Records to process:
****************
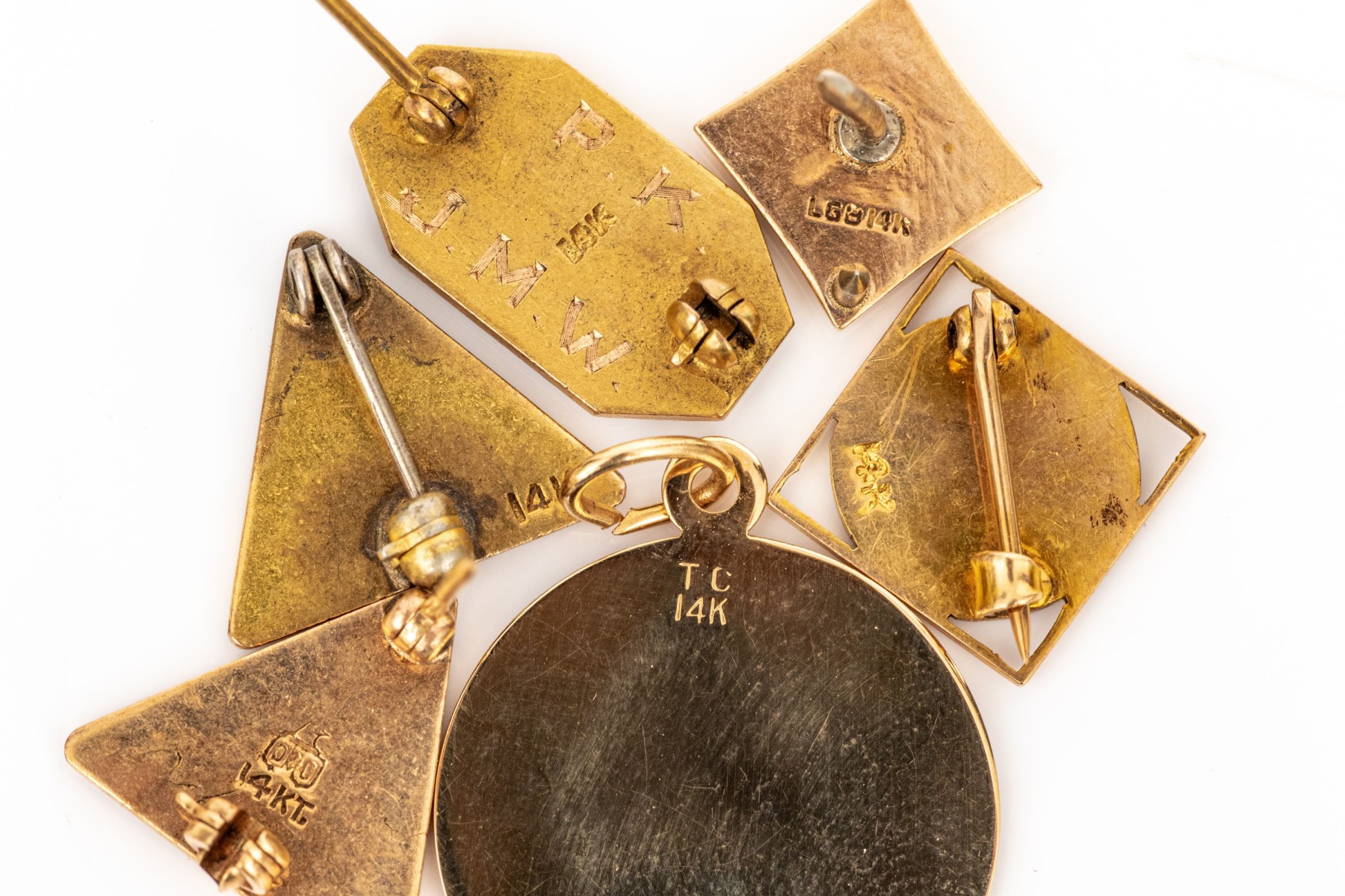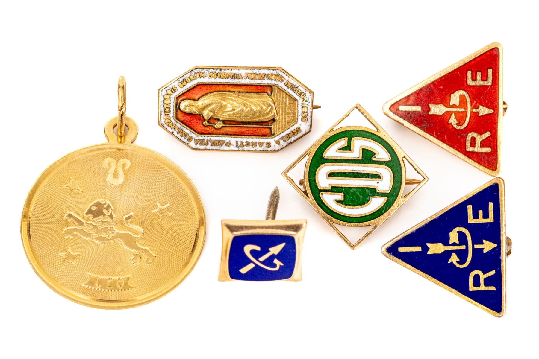 and a collection of pins with enamel initials and a figure
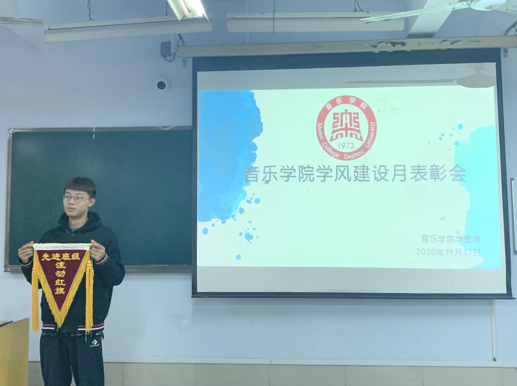 学风建设是学院建设的重要组成部分,也是学生成才的关键所在。为了加强我院学风建设,提高同学们的学习意识,创造一个良好的学习风气和学习氛围,11月17日,太阳成集团tyc151cc在0349教室召开学风建设月表彰会,大会向优秀班级20级音乐表演二班颁布流动红旗。
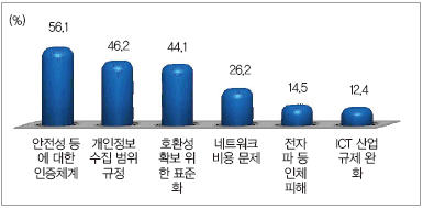 우선, 사물인터넷(IoT) 활성화를 위해서는 저렴한 가격(44.5%)과 설치·이용 용이(42.5%) 등을 우선 고려하는 것이 필요하며, 이를 위한 선결과제는 안전성 등에 대한 인증체계(56.1%), 개인정보 수집 범위 규정(46.2%), 호환성 확보를 위한 표준화(44.1%) 등인 것으로 조사됐다.
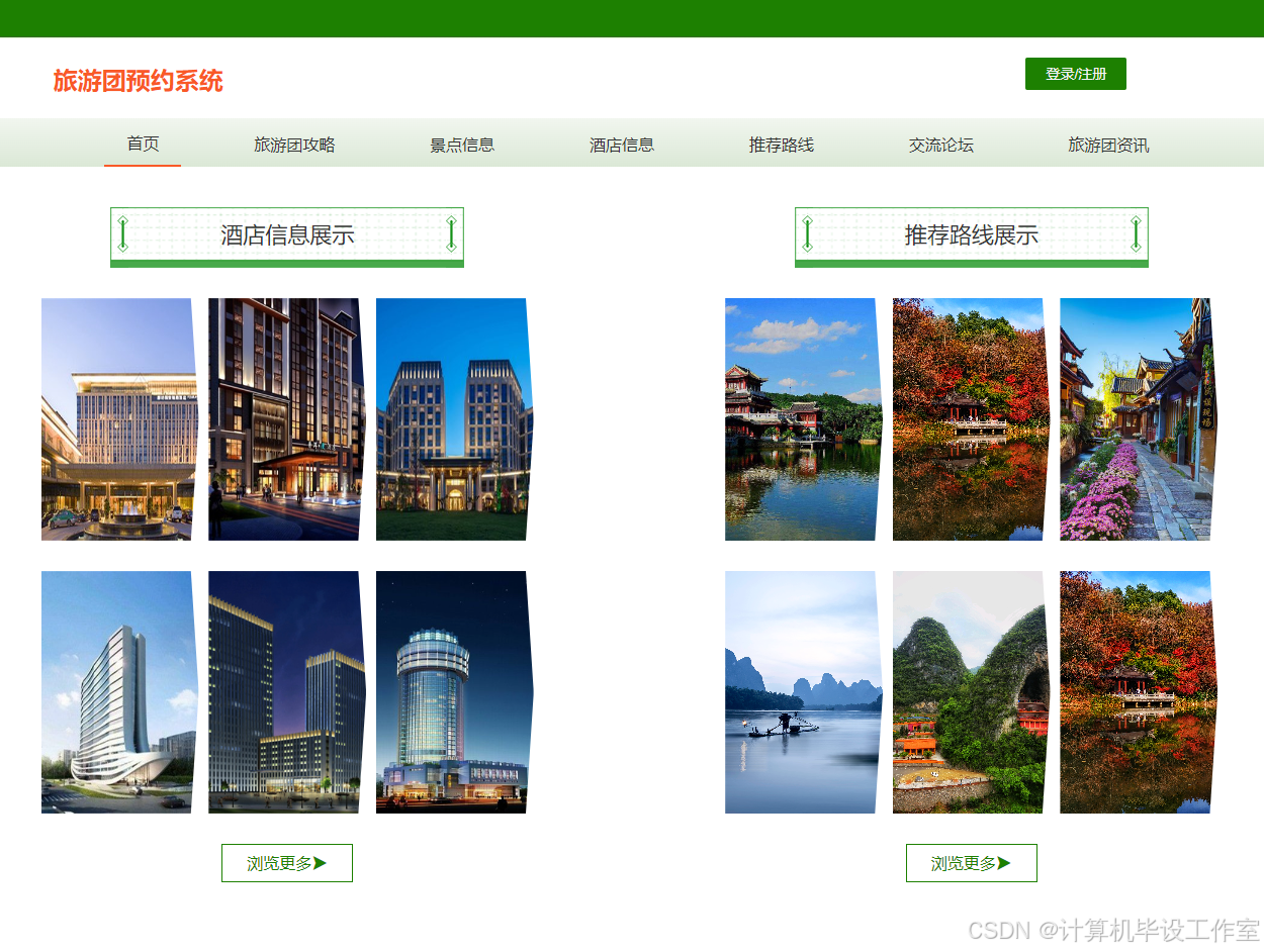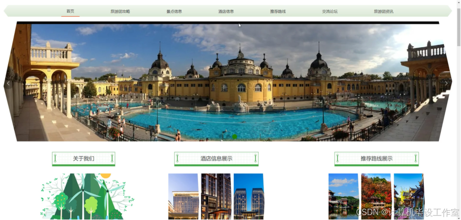 (2)查看旅游团预约系统的首页信息:旅游团预约系统的首页信息包含了首页、景点信息、酒店信息、推荐路线、交流论坛、旅游团攻略、旅游团资讯等。
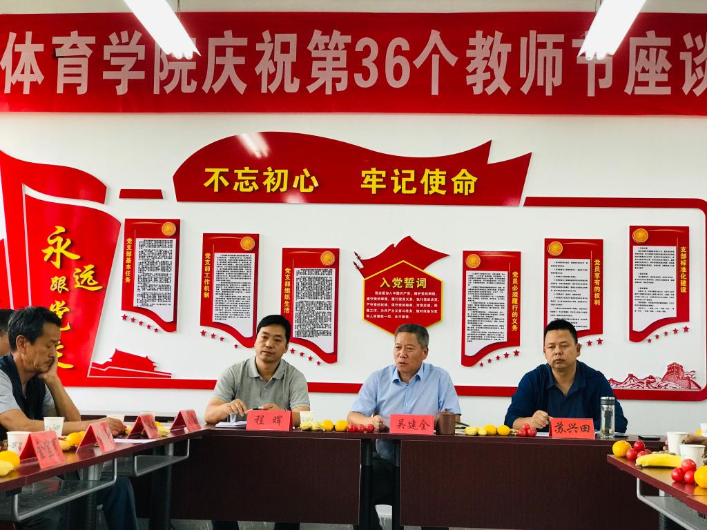 首先,公司党总支副书记吴建全代表公司新一届班子和全体师生向在座的老教师、老职工致以节日的祝福和美好的祝愿,并且简要介绍了召开本次座谈会的初衷和目的,聆听老一辈体育人的奋斗史,激发青年一代体育人的斗志。
****************
Your assignment:
From the records above, give again only the part that opens with the line containing "学风建设是学院建设的重要组成" and closes with the line containing "우선, 사물인터넷(IoT) 활성화를". Keep both ends but drop the pictures.

Response box:
 学风建设是学院建设的重要组成部分,也是学生成才的关键所在。为了加强我院学风建设,提高同学们的学习意识,创造一个良好的学习风气和学习氛围,11月17日,太阳成集团tyc151cc在0349教室召开学风建设月表彰会,大会向优秀班级20级音乐表演二班颁布流动红旗。
 우선, 사물인터넷(IoT) 활성화를 위해서는 저렴한 가격(44.5%)과 설치·이용 용이(42.5%) 등을 우선 고려하는 것이 필요하며, 이를 위한 선결과제는 안전성 등에 대한 인증체계(56.1%), 개인정보 수집 범위 규정(46.2%), 호환성 확보를 위한 표준화(44.1%) 등인 것으로 조사됐다.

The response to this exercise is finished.